The task:
Nothing but an exact copy is asked for: the lines in the material below from the one with "Декоративные особенности данного" through the one with "Vecinos de la", pictures excluded.

Data extracts:
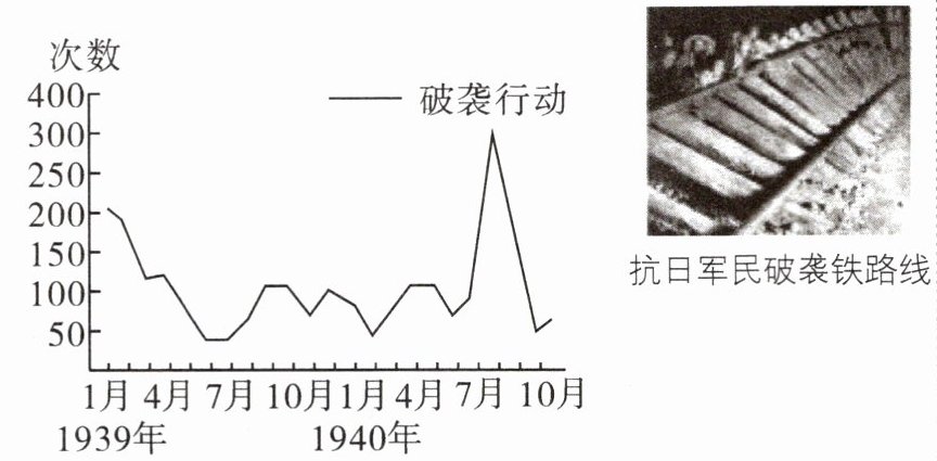 5 (2024·陕西中考)下列分别是我抗日军民在华北破袭铁路统计图和破袭铁路线场景。场景反映的破袭行动高潮出现在( )
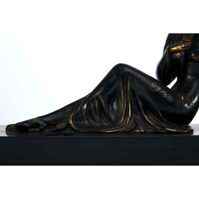 Декоративные особенности данного экземпляра заключаются в стилизованной интерпретации натурных форм, лаконичности жестов, вытянутых силуэтах и ритмичности линий. Позолоченные акценты на перьях павлина и одежде женщины добавляют изысканный блеск, подчёркивая принадлежность скульптуры к эстетике ар-деко.
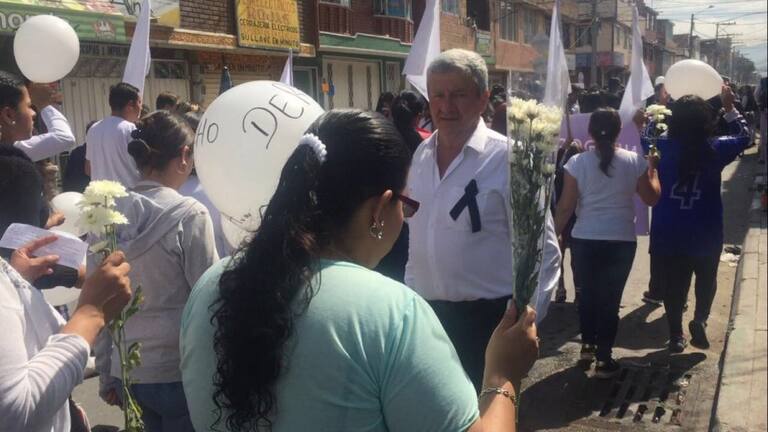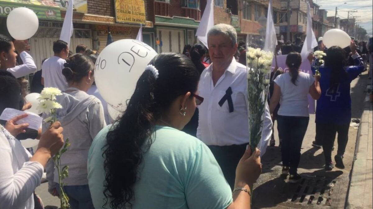 Vecinos de la zona también se unieron a la marcha con flores y banderas blancas, además de carteles donde se rechaza la violencia contra los menores de edad.
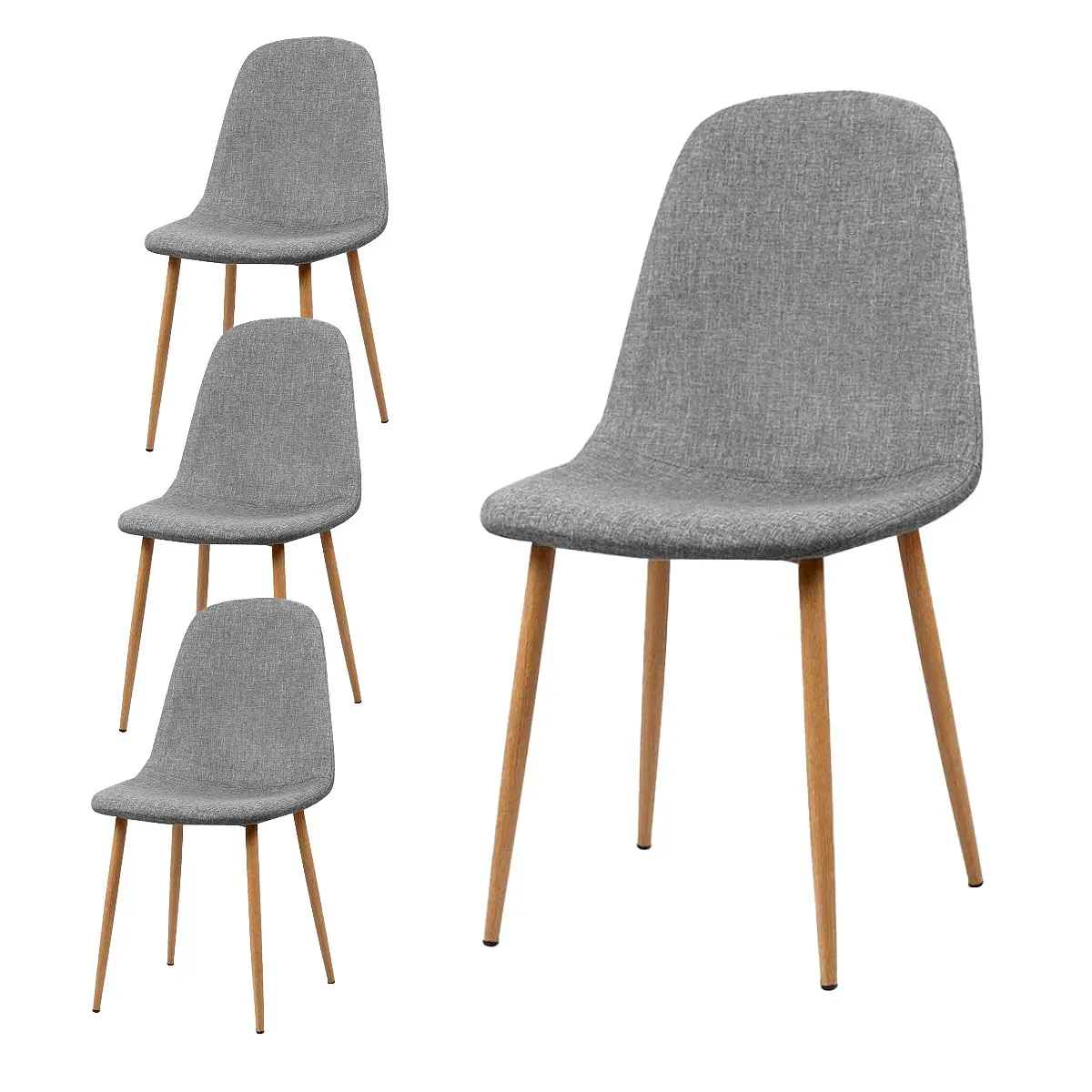 Estas sillas presentan unas dimensiones compactas y bien proporcionadas, pensadas para brindar confort sin ocupar demasiado espacio. El asiento, a 48 cm del suelo, se adapta perfectamente a la altura de mesas estándar. El respaldo curvado de 40 cm proporciona un buen apoyo lumbar, ideal para pasar tiempo en la mesa sin molestias. La tapicería gris es agradable al tacto y fácil de cuidar, perfecta para el uso cotidiano.
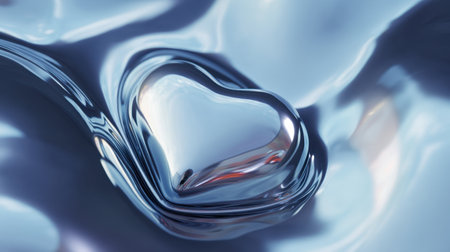 A heart shape reflects in a smooth liquid surface, surrounded by gentle waves and soft blue tones, creating an atmosphere of serenity and romance.
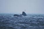 続いては、4隻の潜水艦「たけしお」「ゆきしお」「さちしお」「はましお」による潜航と浮上である。「うずしお」(これは潜航しない)を先頭にやってきて、潜航と浮上を繰り返す。海面に突き上げるように浮上してくる。浮上後すぐにはトリムの調整ができないようで、しばらく艦首が上がったままであるのが興味深い。
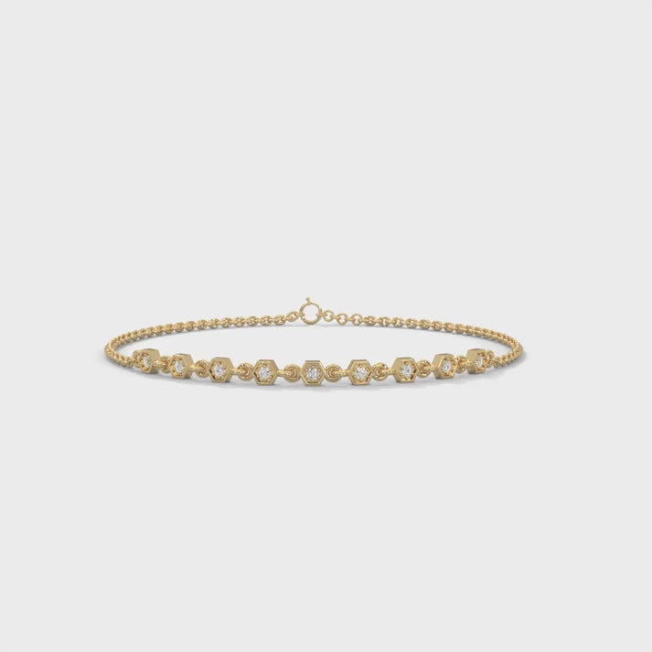 The bracelet showcases diamonds with VS-SI clarity, ensuring each stone is of exceptional quality with an unmatched brilliance. The diamonds are graded FG in color, offering a near-colorless radiance that enhances their sparkle, adding depth and sophistication to the overall design. Carefully selected round cuts further amplify the light reflection, giving the bracelet its mesmerizing shine.
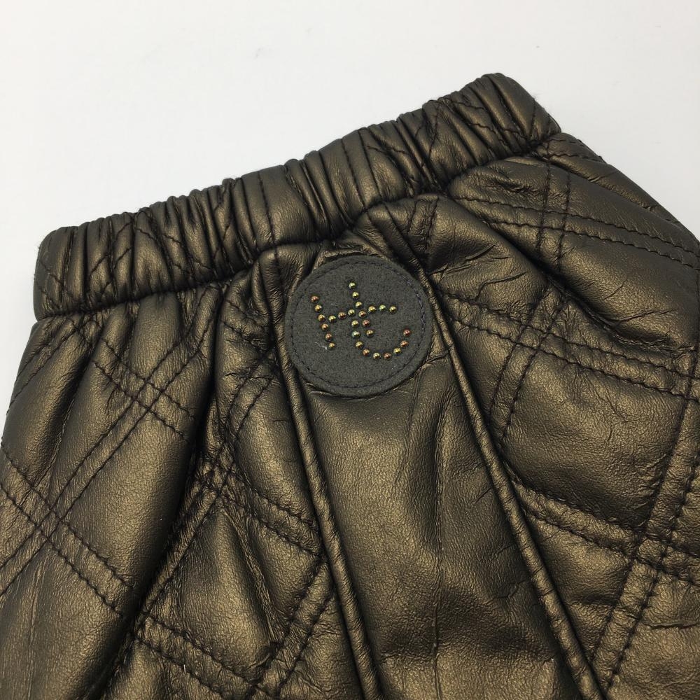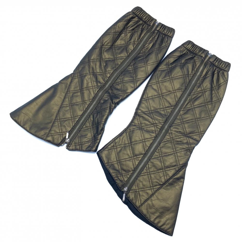 ヒールクリーク 中綿レッグウォーマー ゴールド系 合皮 ロゴワッペン レディース ゴルフウェア Heal Creek
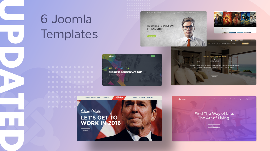 Are you using any of the Joomla templates from Resort, Eventum, OneClip, Yoga, Politist, and Moview? Update your template without any delay to enjoy those improvements. Stay with us for more.

Result for this task:
 Декоративные особенности данного экземпляра заключаются в стилизованной интерпретации натурных форм, лаконичности жестов, вытянутых силуэтах и ритмичности линий. Позолоченные акценты на перьях павлина и одежде женщины добавляют изысканный блеск, подчёркивая принадлежность скульптуры к эстетике ар-деко.
 Vecinos de la zona también se unieron a la marcha con flores y banderas blancas, además de carteles donde se rechaza la violencia contra los menores de edad.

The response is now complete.